Reproduce the full listing as it stands. Images do not belong in the copy.

Information supplied
_ _ _ _

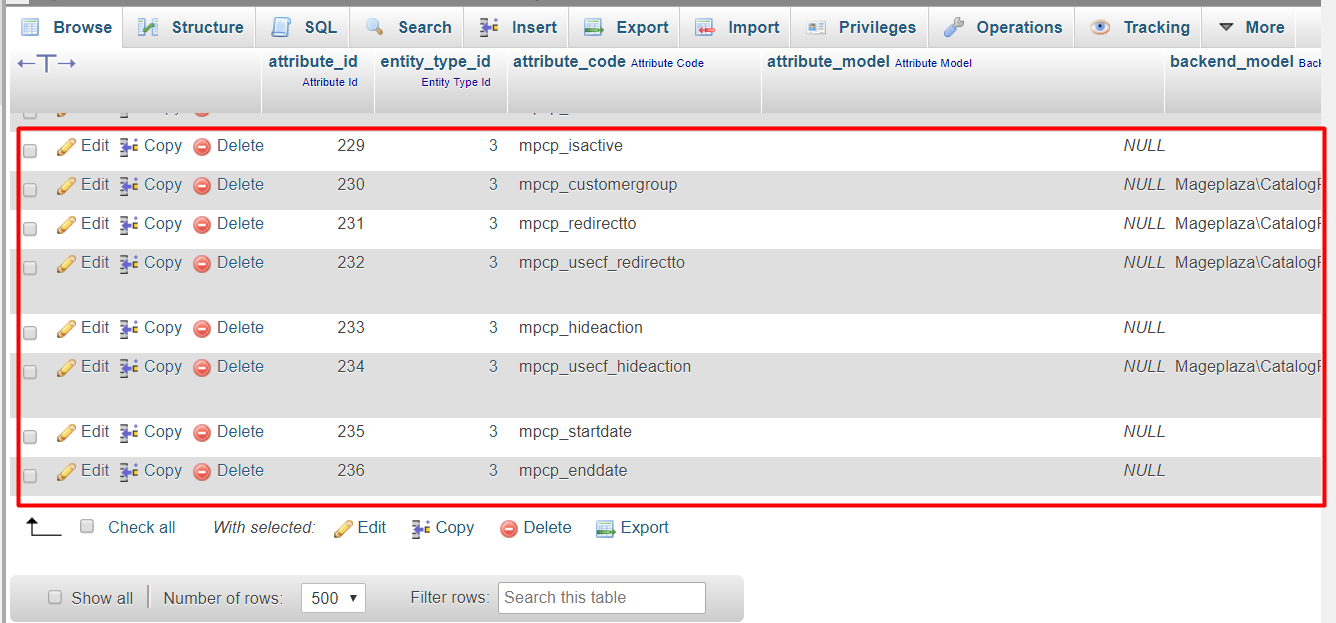 eav_attributetable. In theattribute_codecolumn, find and delete thempcp_isactive, mpcp_customergroup, mpcp_redirectto attribute, mpcp_usecf_redirectto, mpcp_hideaction, mpcp_usecf_hideaction, mpcp_startdate, mpcp_enddate.
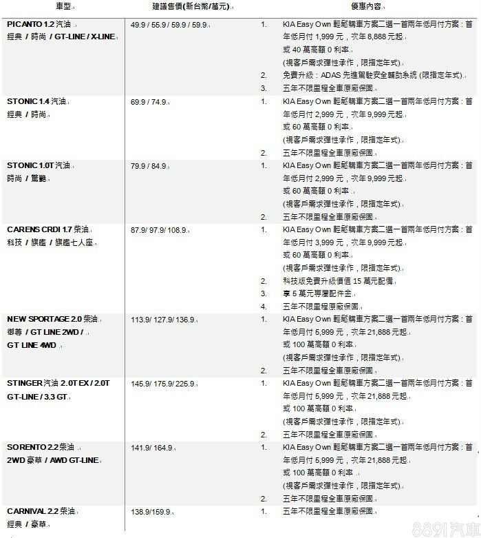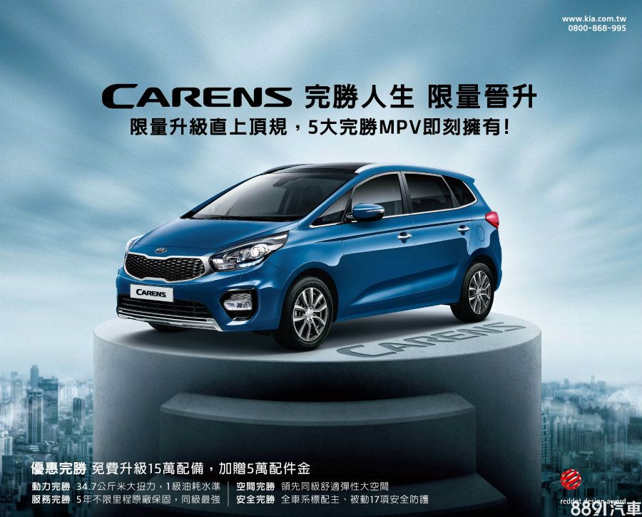 Kia於本月推出「Carens完勝人生 限量晉升」專案:包含免費升級包含全景式天窗、智慧感應啟動系統、4.2吋TFT-LCD Supervision智慧電腦旅程儀表等多達10項以上的配備,整體總價值高達15萬,購車可再享有5萬專屬配件金,並免費升級五年不限里程原廠保固、另有輕鬆購車方案:首兩年享低月付或高額分期零利率二選一。
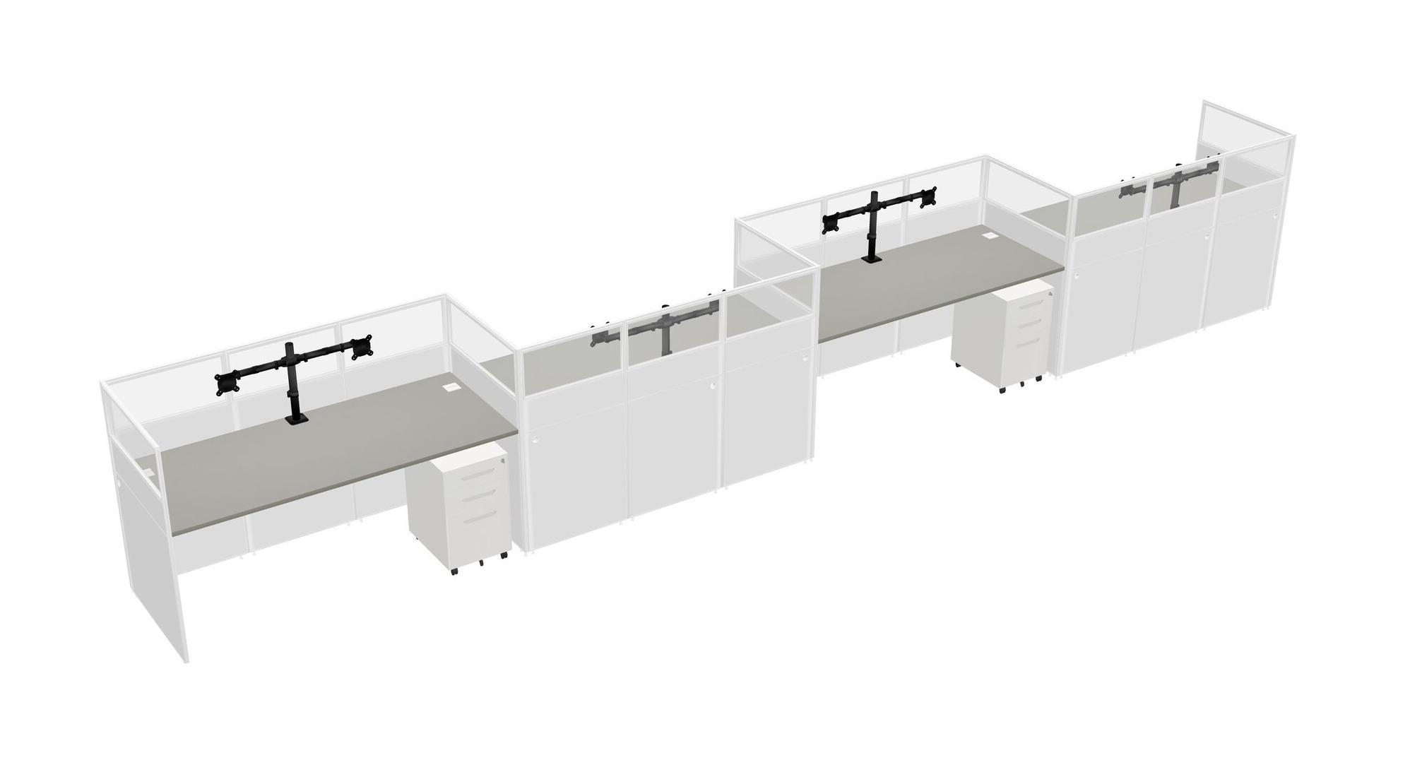 Grey Shadows Rectangular Cubicle Workstations For 4 - Zigzag Formation + White Metal Mobile Drawers

_ _ _ _

Response box
 eav_attributetable. In theattribute_codecolumn, find and delete thempcp_isactive, mpcp_customergroup, mpcp_redirectto attribute, mpcp_usecf_redirectto, mpcp_hideaction, mpcp_usecf_hideaction, mpcp_startdate, mpcp_enddate.
 Kia於本月推出「Carens完勝人生 限量晉升」專案:包含免費升級包含全景式天窗、智慧感應啟動系統、4.2吋TFT-LCD Supervision智慧電腦旅程儀表等多達10項以上的配備,整體總價值高達15萬,購車可再享有5萬專屬配件金,並免費升級五年不限里程原廠保固、另有輕鬆購車方案:首兩年享低月付或高額分期零利率二選一。
 Grey Shadows Rectangular Cubicle Workstations For 4 - Zigzag Formation + White Metal Mobile Drawers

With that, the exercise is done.